Installation Environment: Virtual machine: Vmware®workstation 8.0.1 (network bridging) Os:centos Version 7JDK: Jdk-7u79-linux-x64.tarscala version: Scala-2.11.7spark version: spark-1.4.0-bin-hadoop2.4 User: Hadoop created when installing CentOS, belongs to the Administrators group
First step: Configure SSH
Use the Hadoop login system to run at the terminal:
Yum Install Openssh-server
If prompted:
This is because the Yum service is occupied and requires a forced unlock:
Rm-rf/var/run/yum.pid
The terminal will be networked to download the installation package and install it on its own. After the installation is complete, enter the following command to verify that Port 22 is open:
Netstat-nat
Make sure that Port 22 is turned on, and then check that SSH is installed correctly, enter
SSH localhost
Enter the current user name and password press ENTER to confirm that the installation is successful, and SSH login requires a password.
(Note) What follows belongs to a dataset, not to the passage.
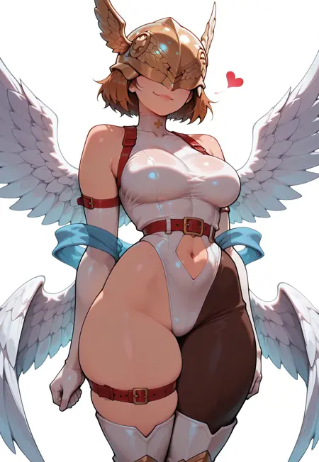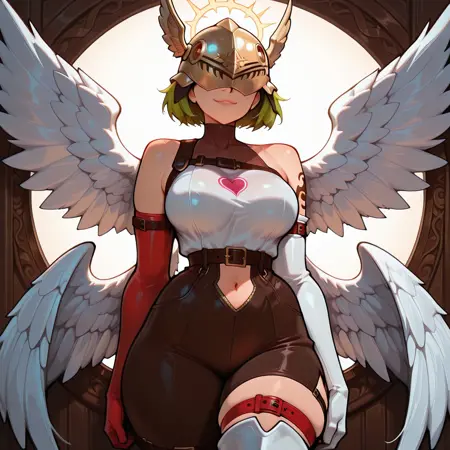 这是《艾尔登法环》中的玛莲妮娅、《海贼王》中的娜美和《数码宝贝》中的天使兽的混合体。我使用了我的原创角色Nani作为装甲。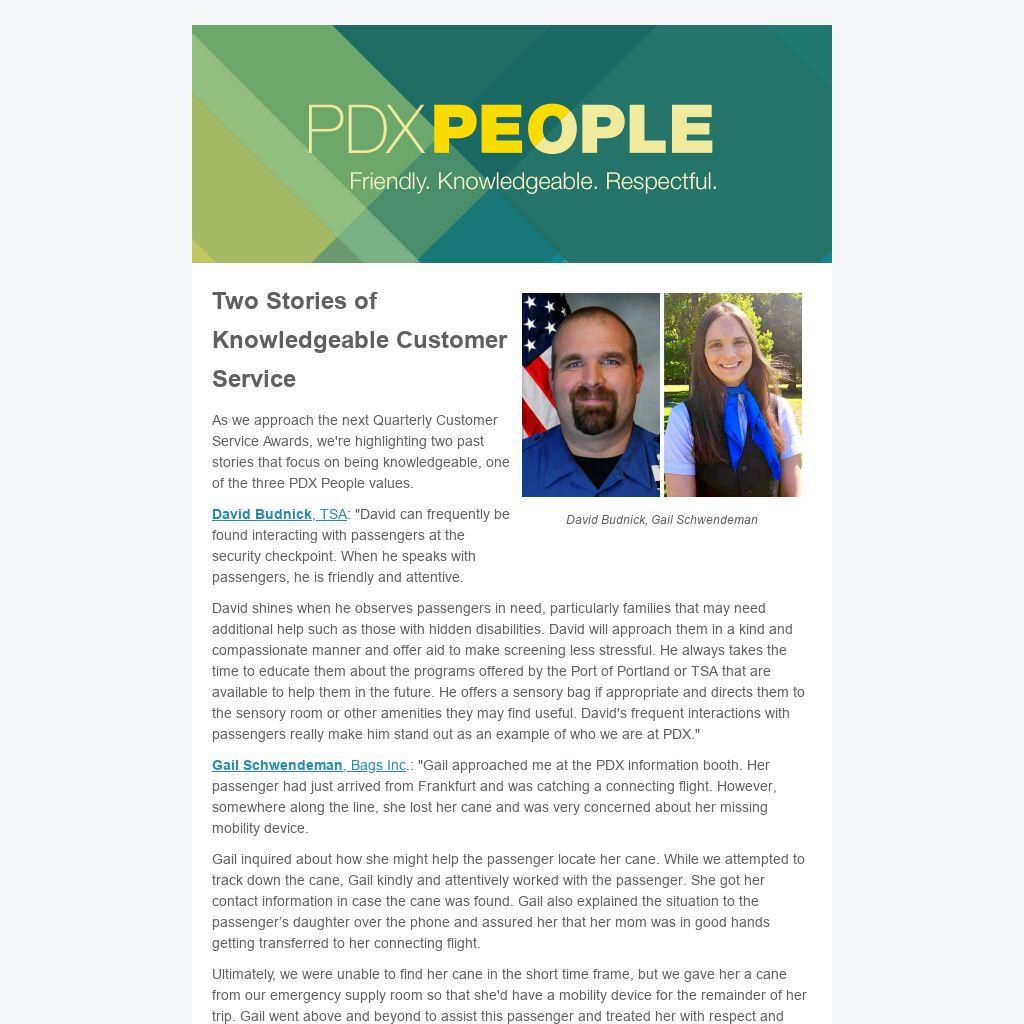 As we approach the next Quarterly Customer Service Awards, we're highlighting two past stories that focus on being knowledgeable, one of the three PDX People values.

Here's a little bit of emphasis:
SSH configuration is actually configured without password access, using identity credentials instead of password authentication, access only need to provide an identity credential, do not need to enter a password. That is to say, each user has a unique credential, to whom to access, the credentials to whom (that is, copied to someone else's directory)
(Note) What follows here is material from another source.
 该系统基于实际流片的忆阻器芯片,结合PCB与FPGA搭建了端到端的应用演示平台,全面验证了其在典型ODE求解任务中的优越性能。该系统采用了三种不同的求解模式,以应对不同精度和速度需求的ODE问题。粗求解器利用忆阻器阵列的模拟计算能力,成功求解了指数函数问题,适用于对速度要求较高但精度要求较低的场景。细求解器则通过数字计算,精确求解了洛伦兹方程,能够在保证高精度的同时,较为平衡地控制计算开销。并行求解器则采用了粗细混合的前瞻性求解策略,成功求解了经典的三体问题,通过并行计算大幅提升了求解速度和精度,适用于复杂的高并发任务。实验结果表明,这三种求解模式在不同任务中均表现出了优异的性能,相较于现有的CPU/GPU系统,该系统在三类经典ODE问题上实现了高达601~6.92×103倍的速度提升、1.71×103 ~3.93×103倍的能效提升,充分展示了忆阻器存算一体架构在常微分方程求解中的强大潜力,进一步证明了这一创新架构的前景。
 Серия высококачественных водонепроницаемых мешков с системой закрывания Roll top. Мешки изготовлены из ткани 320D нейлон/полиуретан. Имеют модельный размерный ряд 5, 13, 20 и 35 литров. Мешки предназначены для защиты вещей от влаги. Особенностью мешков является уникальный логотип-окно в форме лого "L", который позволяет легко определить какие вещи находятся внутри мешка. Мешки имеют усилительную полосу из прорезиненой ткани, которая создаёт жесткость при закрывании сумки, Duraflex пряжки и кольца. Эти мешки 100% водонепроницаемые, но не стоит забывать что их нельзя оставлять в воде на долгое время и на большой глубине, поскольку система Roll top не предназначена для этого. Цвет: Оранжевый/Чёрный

Next, enter the command in the terminal to enter the Hadoop account directory:
Cd/home/hadoop
Re-enter:
SSH-KEYGEN-T RSA
and then return.
Then we go into the. ssh folder again and append the id_rsa.pub to the Authorized_keys file with the following command:
CD. SSH
By the way, see what files are in this directory. Id_rsa is the private key belonging to the account, Id_rsa.pub is the public key of the account, which is to be handed out.
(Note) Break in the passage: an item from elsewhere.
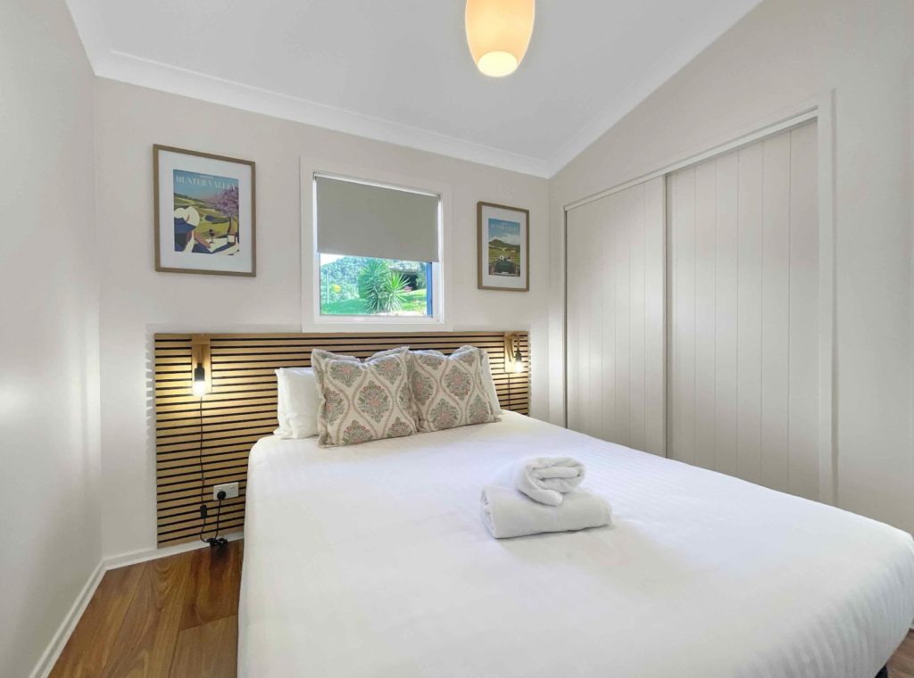 Spend your days unwinding in the pool, looking across the sweeping valley views from the BBQ area, exploring local wineries or simply enjoying the peace of your private deck. In the evenings, savour a complimentary bottle of local wine as the sun sets over the hills and the Hunter Valley slows into night.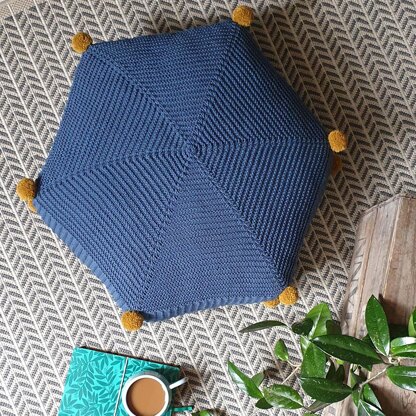 The squishy Hexi Pouffe is made from two hexis knitted in the round and a side panel strip which is knitted flat.

Need to say more here, if a master server has more than one account to configure password-free access to do?
The main server below should have a file called Authorized_keys, who need to configure password-free access, you can append your public key in this file.
CP Id_rsa.pub Authorized_keys
Test password-Free login again
SSH localhost
It is best to open several more terminals, test SSH logins, or restart the service test:
Service sshd Restart Restart services
Service sshd Start Services
Service sshd Stop Services
NETSTAT-ANTP | grep sshd to see if Port 22 is started
Any time you encounter a permission refusal to add sudo to the command, the following is rejected:
Chkconfig sshd on set boot up
Chkconfig sshd off disables SSH boot
Step Two: Configure Java, Scala, SAPRK
We will copy all the required software to the/home/data directory at once. Need to log off using root login, other user permissions are insufficient.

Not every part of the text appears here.